* _PROBLEM REQUIREMENTS_
The answer must repeat every record exactly, with all pictures omitted.

DATA START

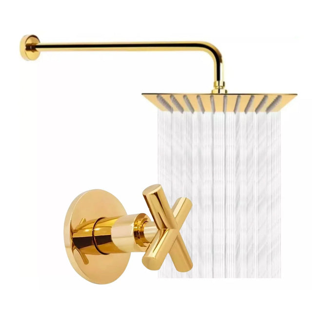 Griferia Ducha Sencilla Dorada con Regadera 20 cm
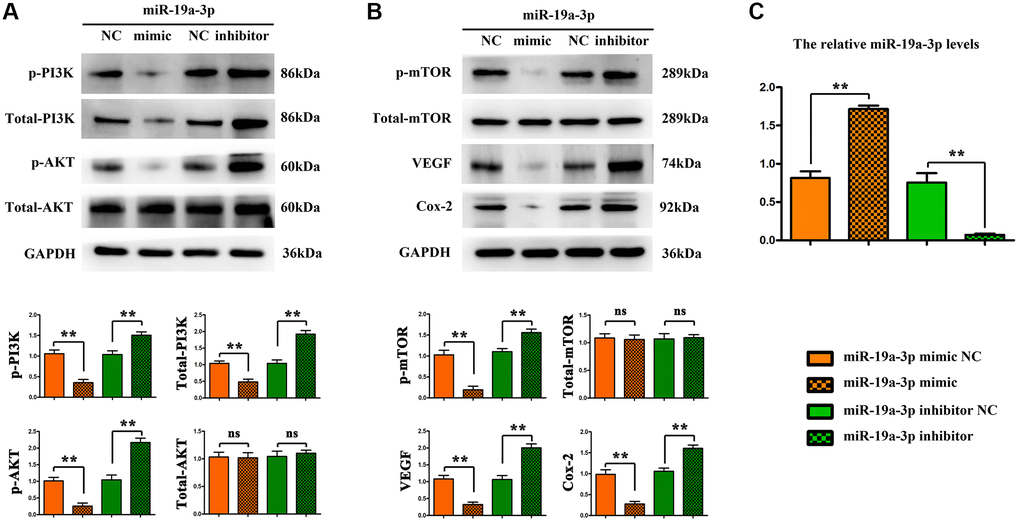Furthermore, we verify the regulation of miR-19a-3p on PI3K pathway by using neonatal mice tie2+ macrophages using the flow cytometry sorting method. MiR-19α-3p mimic/inhibitor were transfected to promote/inhibit the expression of miR-19a-3p, miRNA control and inhibitor control transfection being taken as control. And then, mice tie2+ macrophages were oxygenated for 4 hours and then reoxygenated for 2 hours to simulate the ischemia-reperfusion model in vitro. Compared with the control group, the expression of p-PI3K, p-AKT, p-mTOR, VEGF, Cox-2, MMP-2 were significantly decreased after miR-19α-3p mimic transfection, and further significantly increased after miR-19α-3p inhibitor transfection (Figure 6A and 6B). The miR-19α-3p levels of each groups were shown in Figure 6C. These data suggest that inhibition of miR-19a-3p promotes angiogenesis by regulating PI3K/AKT pathway.
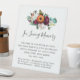 Una señal conmemorativa del boda que se puede colocar en una pantalla de mesa. Plantilla de signo rústica y elegante. Cuenta con un elegante ramo de flores borgoñas, rosas naranjas y blancas en la parte superior. Esto lo hace perfecto para una boda otoño. In Loving Memory está escrito en un tipo de letra moderno y de moda que es muy popular. Hay una cuidadosa declaración conmemorativa y luego se puede listar al difunto. Esto forma parte de la colección Sunflower and Burgundy boda que tiene muchos componentes.
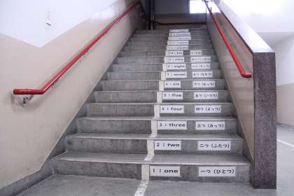 毎日給食のたびに使用しているうちに、知らず知らずのうちに汚れていた階段が…。
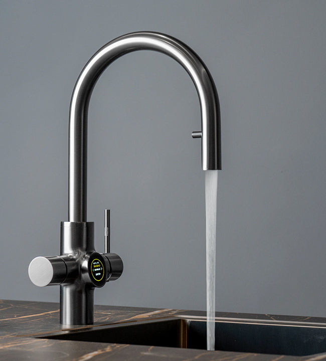 המערכת שלנו מציעה שישה מצבי הפעלה, כולל מים רותחים, מים קרים ב 5°C, וסודה בשלוש דרגות הגזה. היא כוללת מנגנון נעילת מים רותחים לבטיחות ילדים, מערכת טיהור עצמי למניעת התפתחות חיידקים, ומיכל מים רותחים עשוי טיטניום שמבטיח עמידות לאורך זמן ומים באיכות מושלמת .
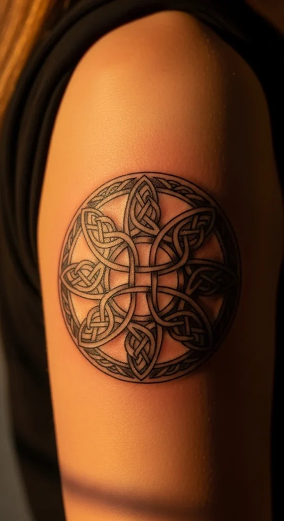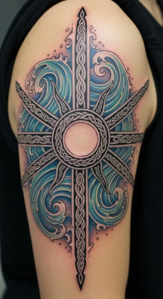 This idea centers on a full circle of knotwork forming a bright sun shape. It works well if you like designs that look structured yet flowing. You can keep it small for the wrist or scale it up for the shoulder. Short lines with curves help it feel balanced without feeling too heavy. If you’re sketching it yourself, begin with a circle and draw loops that repeat around it. This helps you keep the pattern controlled and clean. Consider using thicker lines for the outer ring so the rays stand out clearly. If you enjoy DIY planning, practice the knot paths on paper first, then trace over them to see how the loops connect. This helps you build confidence before taking it to an artist. If you want color, light orange or muted amber shading can add warmth without overwhelming the linework.
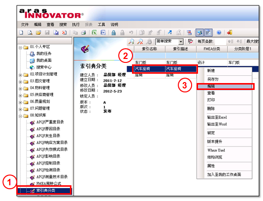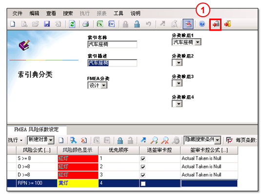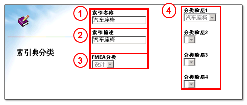 1.若欲維護現有的FMEA索引典分類,選擇“索引典分類”,展開列表。
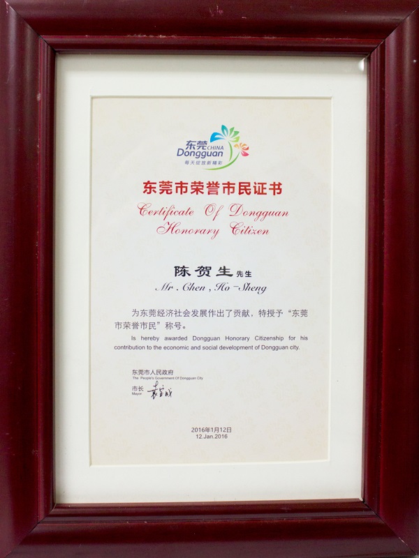 2016年1月12日,第五屆“東莞市榮譽(yù)市民”授榮儀式在會(huì)展國(guó)際大酒店隆重舉行,東莞大寶化工制品有限公司董事長(zhǎng)陳賀生等45人獲“東莞市榮譽(yù)市民”稱號(hào)。
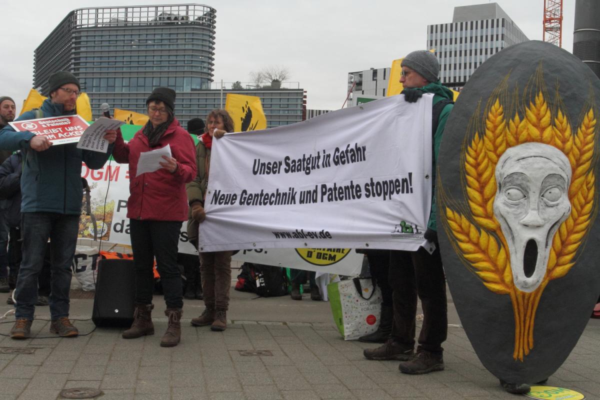 Rassemblement paysan à l'appel notamment de la Confédération paysanne pour dénoncer l’utilisation d'OGM dans l'agriculture. Faire pression sur le vote des députéEs en cours pour interdire l'emploi des OGM. Prises de paroles des représentantEs des organisations et des députéEs solidaires des paysanEs.
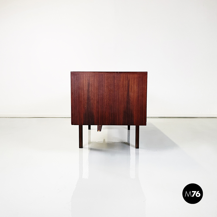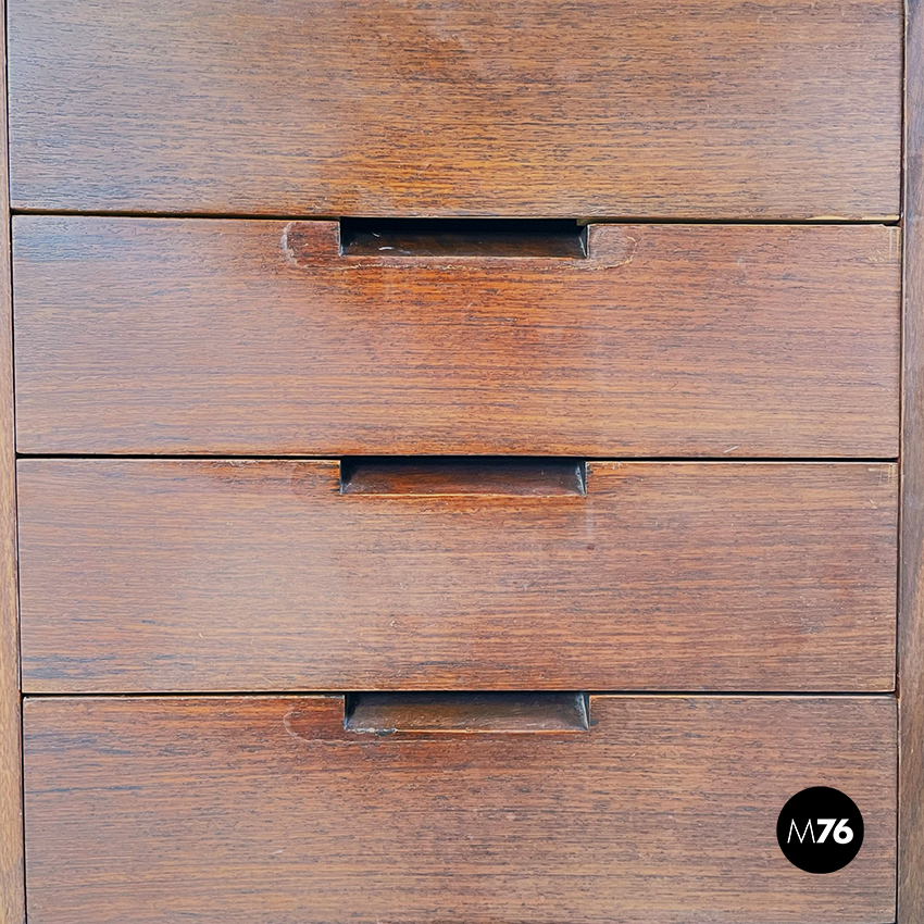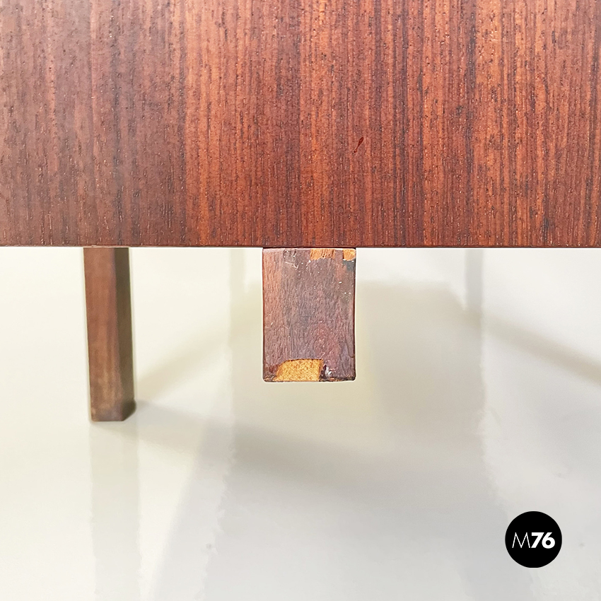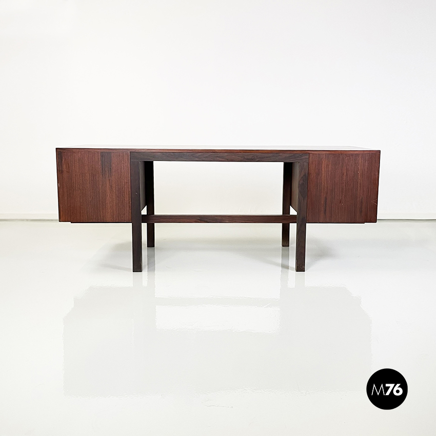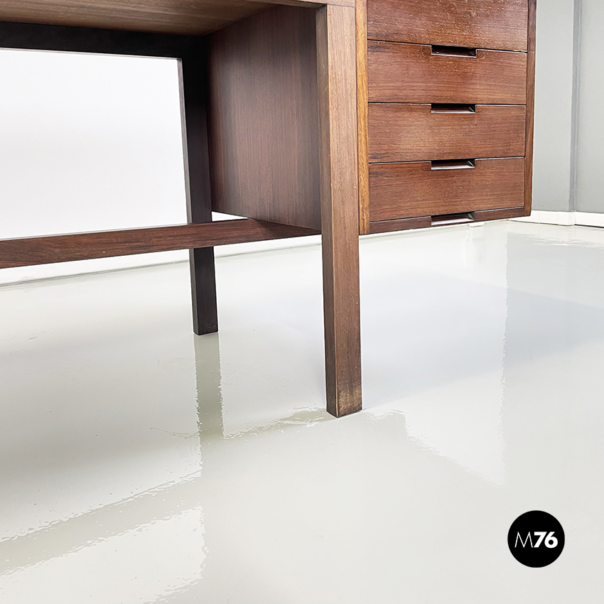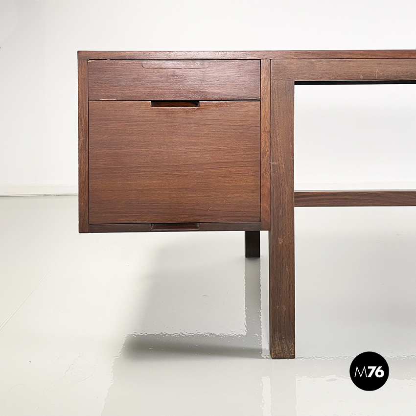 Scrivania modello Canaan con piano rettangolare in legno. Su un lato sono presenti due cassetti e sull’altro quattro. Presenta nella parte bassa una traversa in legno, utilizzabile per poggiare i piedi. Gambe a sezione rettangolare.

DATA END

* _ANSWER TO THE PROBLEM_
 Griferia Ducha Sencilla Dorada con Regadera 20 cm
Furthermore, we verify the regulation of miR-19a-3p on PI3K pathway by using neonatal mice tie2+ macrophages using the flow cytometry sorting method. MiR-19α-3p mimic/inhibitor were transfected to promote/inhibit the expression of miR-19a-3p, miRNA control and inhibitor control transfection being taken as control. And then, mice tie2+ macrophages were oxygenated for 4 hours and then reoxygenated for 2 hours to simulate the ischemia-reperfusion model in vitro. Compared with the control group, the expression of p-PI3K, p-AKT, p-mTOR, VEGF, Cox-2, MMP-2 were significantly decreased after miR-19α-3p mimic transfection, and further significantly increased after miR-19α-3p inhibitor transfection (Figure 6A and 6B). The miR-19α-3p levels of each groups were shown in Figure 6C. These data suggest that inhibition of miR-19a-3p promotes angiogenesis by regulating PI3K/AKT pathway.
 Una señal conmemorativa del boda que se puede colocar en una pantalla de mesa. Plantilla de signo rústica y elegante. Cuenta con un elegante ramo de flores borgoñas, rosas naranjas y blancas en la parte superior. Esto lo hace perfecto para una boda otoño. In Loving Memory está escrito en un tipo de letra moderno y de moda que es muy popular. Hay una cuidadosa declaración conmemorativa y luego se puede listar al difunto. Esto forma parte de la colección Sunflower and Burgundy boda que tiene muchos componentes.
 毎日給食のたびに使用しているうちに、知らず知らずのうちに汚れていた階段が…。
 המערכת שלנו מציעה שישה מצבי הפעלה, כולל מים רותחים, מים קרים ב 5°C, וסודה בשלוש דרגות הגזה. היא כוללת מנגנון נעילת מים רותחים לבטיחות ילדים, מערכת טיהור עצמי למניעת התפתחות חיידקים, ומיכל מים רותחים עשוי טיטניום שמבטיח עמידות לאורך זמן ומים באיכות מושלמת .
 This idea centers on a full circle of knotwork forming a bright sun shape. It works well if you like designs that look structured yet flowing. You can keep it small for the wrist or scale it up for the shoulder. Short lines with curves help it feel balanced without feeling too heavy. If you’re sketching it yourself, begin with a circle and draw loops that repeat around it. This helps you keep the pattern controlled and clean. Consider using thicker lines for the outer ring so the rays stand out clearly. If you enjoy DIY planning, practice the knot paths on paper first, then trace over them to see how the loops connect. This helps you build confidence before taking it to an artist. If you want color, light orange or muted amber shading can add warmth without overwhelming the linework.
 1.若欲維護現有的FMEA索引典分類,選擇“索引典分類”,展開列表。
 2016年1月12日,第五屆“東莞市榮譽(yù)市民”授榮儀式在會(huì)展國(guó)際大酒店隆重舉行,東莞大寶化工制品有限公司董事長(zhǎng)陳賀生等45人獲“東莞市榮譽(yù)市民”稱號(hào)。
 Rassemblement paysan à l'appel notamment de la Confédération paysanne pour dénoncer l’utilisation d'OGM dans l'agriculture. Faire pression sur le vote des députéEs en cours pour interdire l'emploi des OGM. Prises de paroles des représentantEs des organisations et des députéEs solidaires des paysanEs.
 Scrivania modello Canaan con piano rettangolare in legno. Su un lato sono presenti due cassetti e sull’altro quattro. Presenta nella parte bassa una traversa in legno, utilizzabile per poggiare i piedi. Gambe a sezione rettangolare.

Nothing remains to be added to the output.